These are traces of predictable behavior, assuming a social science perspective into language and translation. They are employed in the target version to improve discourse texture, no matter the (favorable or critical) perspective to Mr. Blair’s premiership assumed in the article. They may be contributing to author intention and to strengthening the ideological stance of the text, but the shifts appear almost invariably on the Greek language side, no matter the direction of translation. The next section highlights shifts which are less predictable, though still within the potential of the language.

2.2. Creative and voluntary behavior

Creative and voluntary behavior encompasses shifts which may be culturally motivated but have a fairer share in constructing or sustaining world representations, in agreement with intended ideological perspectives. Shifts in metaphor use and collocational meaning reveal alternative conceptualizations of the world and partly manifest voluntary and creative behavior, because they could have been avoided without playing down text naturalness; they would have rather affected the communicative potential of the text.

As Kövecses claims “[u]nconventionality is not necessarily tied to poetic or literary language” (Kövecses 2006: 127). News reporting seems to be making ample use of metaphors, conventional and unconventional ones, in support of the point of view of text producers. For instance, Fairclough analyzes implications following from dealing with drug trafficking as fighting a war, in a article published in the Sun in 1985:

Notice also the metaphor of dealing with drug traffickers as fighting a war […]. The metaphor is also significant in terms of the newspaper’s implicit claim to a relationship of solidarity and common identity with the audience.
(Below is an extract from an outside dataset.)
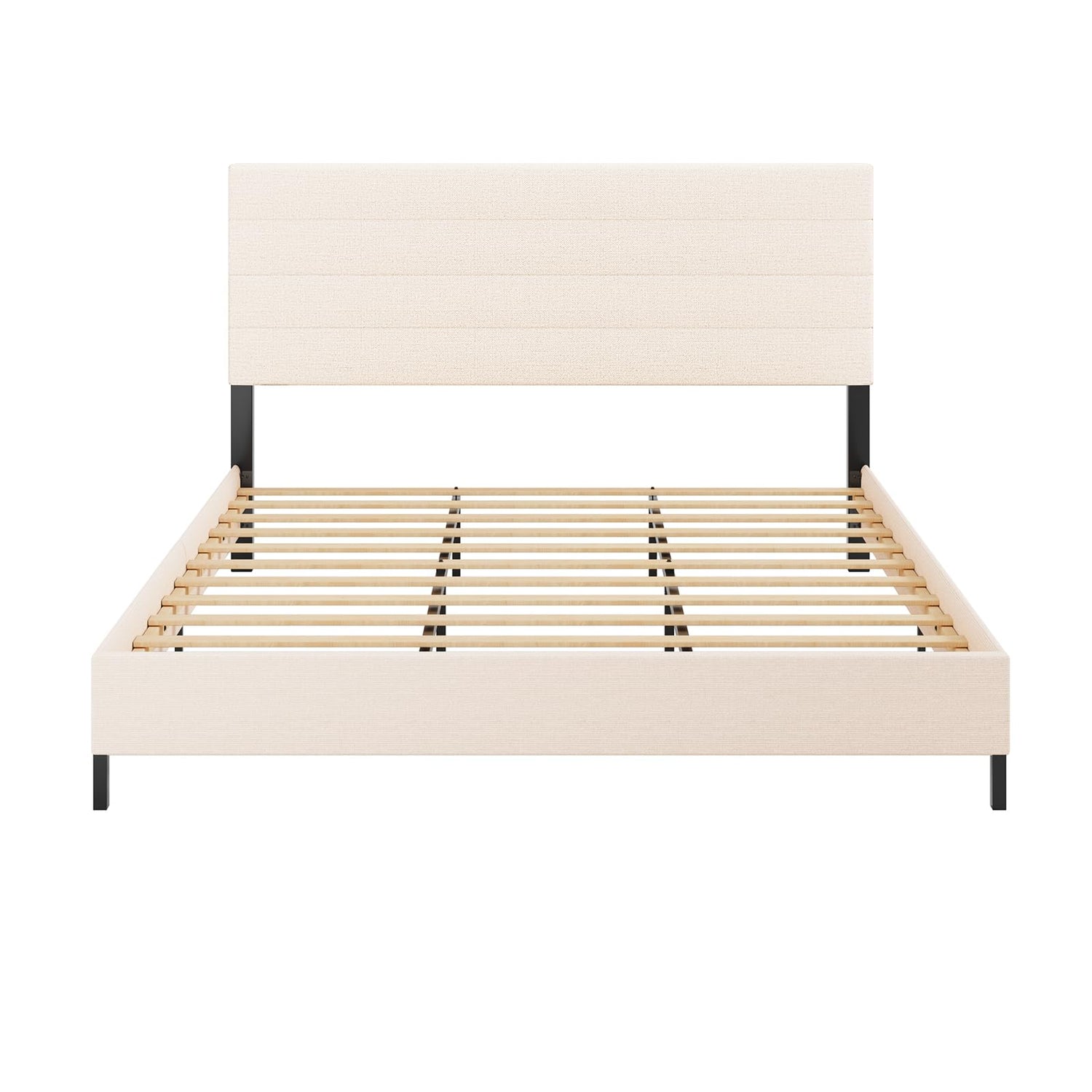 Furnihome Modern King Bed Frame with Adjustable Linen Headboard and Wooden Slats in Beige

It draws upon war as an evocative theme of popular memory and popular culture. […] It is an ideologically potent metaphor constructing drugs in a way which helps to marginalize other constructions from the perspective of oppositional groups…

Fairclough 1995: 71-72

The target version of the data activates the war metaphor through rendering the ST item in Example (9) social ease as κοινωνική ανακωχή [social truce] in the TT. Activation of the war metaphor, in text-pair b (the one conveying the negative view), is not unmotivated. It is assumed to be legitimizing the difficulty of Mr. Blair’s compromising conflict, which would have a diminishing effect on the negative view conveyed by the text.

Α metaphor which seems to enjoy currency in the target text and is invariably used in both target articles draws on the politics is a stageplay conceptualization, as shown in the following TTs (Examples [10] and [11]). The game metaphor (Hollander 2010) manifested through ST item key player, does not seem to be as common as in the Greek version, which seems to prefer the stage metaphor instead, as manifested by TT items διαδραματίζει [acts out] or δρώμενα [(stage) activity]:

Similarly, Example (11) below activates the politics is a stageplay analogy: cajole is rendered as έδρασαν στο παρασκήνιο [acted at backstage].
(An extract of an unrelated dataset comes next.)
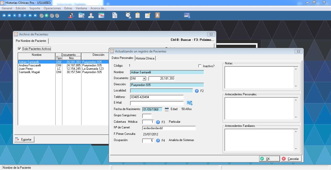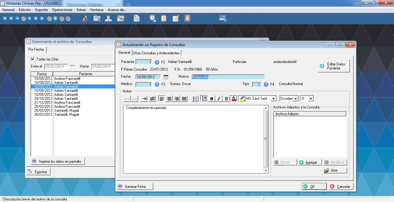 Simple y ágil software diseñado para dar soporte de historias clínicas a Consultorios Externos o

Although creative and voluntary (linguistic) behavior is realized through the options available in a language, its subjective nature allows some interpretation which may implicitly generate meaning: the politics is a stageplay conceptual metaphor seems to be placing the audience in the position of a spectator who is rather unlikely to contribute to action, and may assume a society displaying rather low civic engagement. The next example (from Ash [2007], the one which conveys the favorable attitude towards Mr. Blair) lends support to the low civic engagement view in that it favors a conceptualization of an active and powerful leader in the opening paragraph, activating the horse-riding metaphor (the state/Britain is a horse), with the leader being the horse-rider.

A less conventional (and hence more creative) conceptualization is realized through intertextual reference (Hatim and Mason 1991) manifested through the religious terminology employed in Example (13) in rendering removing Taliban, toppling Saddam as αποκαθήλωση των Ταλιμπάν και του Σαντάμ [unnailing Taliban and Saddam]. The shift attributes a sacred gloss to Taliban and Saddam and privileges Blair’s contribution to conflict resolution, in the text-pair conveying the positive view.

In Example (14), a pro-Middle East target orientation may be traced in rendering ST item [Iraqis] being sabotaged as δεν επιτρέπουν την υλοποίηση των ονείρων τους [not allowing implementation of their dreams]. The sabotage option is available in Greek (as a loan item, σαμποτάρω) but the preferred implementation of dreams option allows a humanitarian perspective to areas suffering war and oppression.

The creative and voluntary behavior section shows a range of expressions, manifesting partly conventional, partly creative use of the language, which contributes conceptualizations compatible with author intention and ideological orientation of the article. This is also partly changeable behavior, shifts which manifest a power struggle site. The next section elaborates on ST content selection which lends support to TT intended ideological perspectives.

2.3. Changeable behavior: culture as a site for power struggle

Exploration of the journalist-translators’ behavior, beyond the predictable and voluntary/creative levels of decision-making was motivated by an interest in exploring conventions which govern selection of content, as source texts are usually considerably longer than target versions. An obvious criterion is the Gricean maxim of relevance (Hatim and Mason 1991, Baker 1992/2011). Relevance is renegotiated in the target situation and functions as a gate-keeping mechanism. Some themes are invariably favored in both target texts, no matter the ideological stance, others are omitted as irrelevant. For instance, both Ash (2007) and Gill (2007) prioritize UK-US power balance and shifts in identity, evidently because their role as key players and the distribution of power globally is assumed to be highly relevant. In Example (15), TT prioritizes US power over UK, by selecting the (underlined) item out of a drastically condensed version of ST extract.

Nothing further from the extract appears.